## Assigned task
Repeat the following entries exactly, excluding pictures.

## Dataset extract
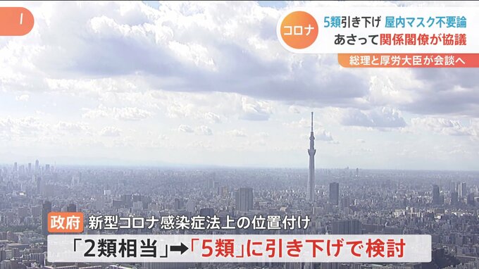 新型コロナウイルス対策の関係閣僚があさって協議を行い、感染症法上の位置づけを「5類」に引き下げる時期などについて議論する見通しであることがわかりました。屋内でのマスク着用不要論も浮上しています。政府…
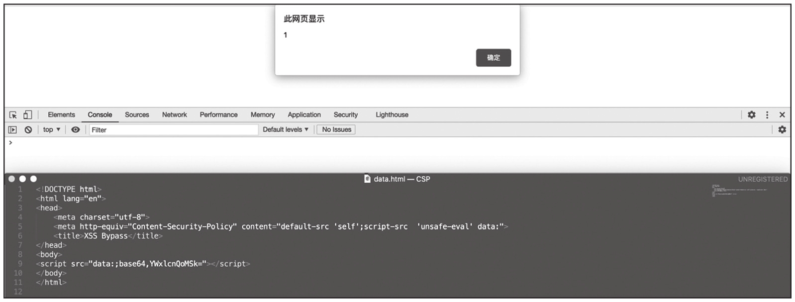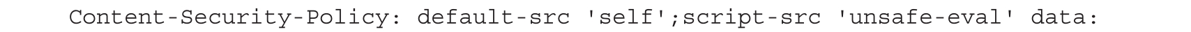 不允许加载外部资源,并且不允许加载内联JavaScript代码,但是配置了unsafe-eval指令值,使用了data配置,可通过Base64编码Payload,代码如下,结果如图1-71所示。
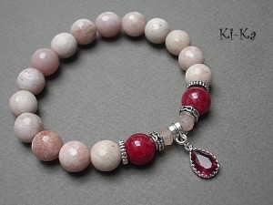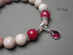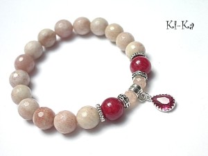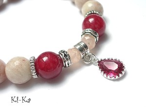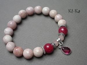 PROJEKTY AUTORSKIE. WŁASNOŚĆ KI-KA. KOPIOWANIE ZABRONIONE, Bransoletka wykonana z naturalnych kamieni - kamień słoneczny fasetowany [10mm], jadeity [10mm], kryształków fasetowanych [6 x 4mm], efektownej zawieszki ze szkła w oprawie koronkowej oraz elementów metalowych kolorze srebra. Bransoletka na gumce silikonowej. Będzie pasowała na nadgarstek 16-17cm. Biżuteria ozdobnie zapakowana.
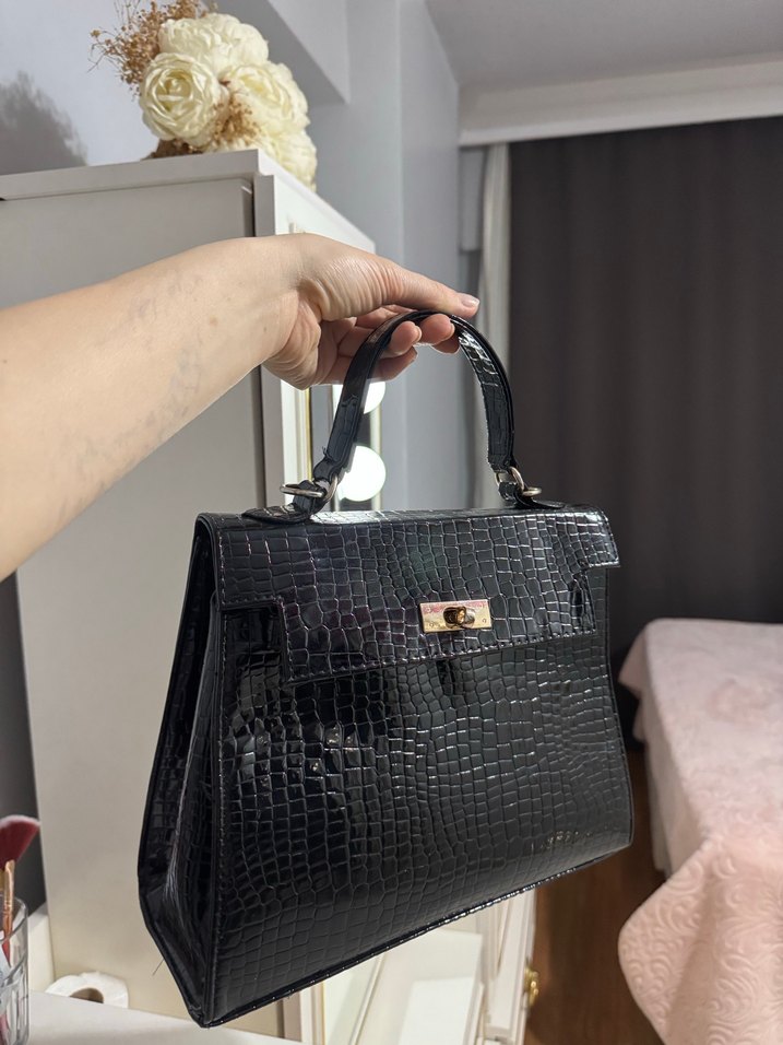 Siyah Deri Klasik Kadın Çanta
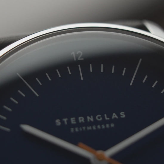 Die Sternglas Automatik überzeugt mit einem 38 mm großen Gehäuse aus poliertem 316L Edelstahl, das eine elegante Basis für das tiefblaue Zifferblatt mit feinem Sonnenschliff bildet. Silberne Zeiger und Strichindizes sorgen für eine klare und kontrastreiche Ablesbarkeit der analogen Zeitanzeige.
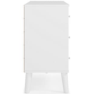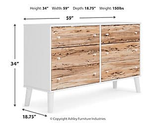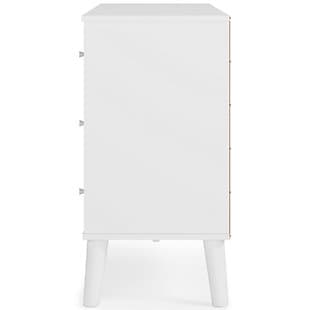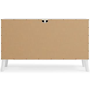 The perfect marriage of contemporary and casual style, the Piperton dresser is a charming addition to your home. It's expressive with a two-tone look in a solid matte white finish and a replicated sugarberry wood grain pattern. Ball-bearing glides offer smooth opening and closing of the drawers, while white knobs and splay legs add a finishing touch.

## Result for this exercise
 新型コロナウイルス対策の関係閣僚があさって協議を行い、感染症法上の位置づけを「5類」に引き下げる時期などについて議論する見通しであることがわかりました。屋内でのマスク着用不要論も浮上しています。政府…
 不允许加载外部资源,并且不允许加载内联JavaScript代码,但是配置了unsafe-eval指令值,使用了data配置,可通过Base64编码Payload,代码如下,结果如图1-71所示。
 PROJEKTY AUTORSKIE. WŁASNOŚĆ KI-KA. KOPIOWANIE ZABRONIONE, Bransoletka wykonana z naturalnych kamieni - kamień słoneczny fasetowany [10mm], jadeity [10mm], kryształków fasetowanych [6 x 4mm], efektownej zawieszki ze szkła w oprawie koronkowej oraz elementów metalowych kolorze srebra. Bransoletka na gumce silikonowej. Będzie pasowała na nadgarstek 16-17cm. Biżuteria ozdobnie zapakowana.
 Siyah Deri Klasik Kadın Çanta
 Die Sternglas Automatik überzeugt mit einem 38 mm großen Gehäuse aus poliertem 316L Edelstahl, das eine elegante Basis für das tiefblaue Zifferblatt mit feinem Sonnenschliff bildet. Silberne Zeiger und Strichindizes sorgen für eine klare und kontrastreiche Ablesbarkeit der analogen Zeitanzeige.
 The perfect marriage of contemporary and casual style, the Piperton dresser is a charming addition to your home. It's expressive with a two-tone look in a solid matte white finish and a replicated sugarberry wood grain pattern. Ball-bearing glides offer smooth opening and closing of the drawers, while white knobs and splay legs add a finishing touch.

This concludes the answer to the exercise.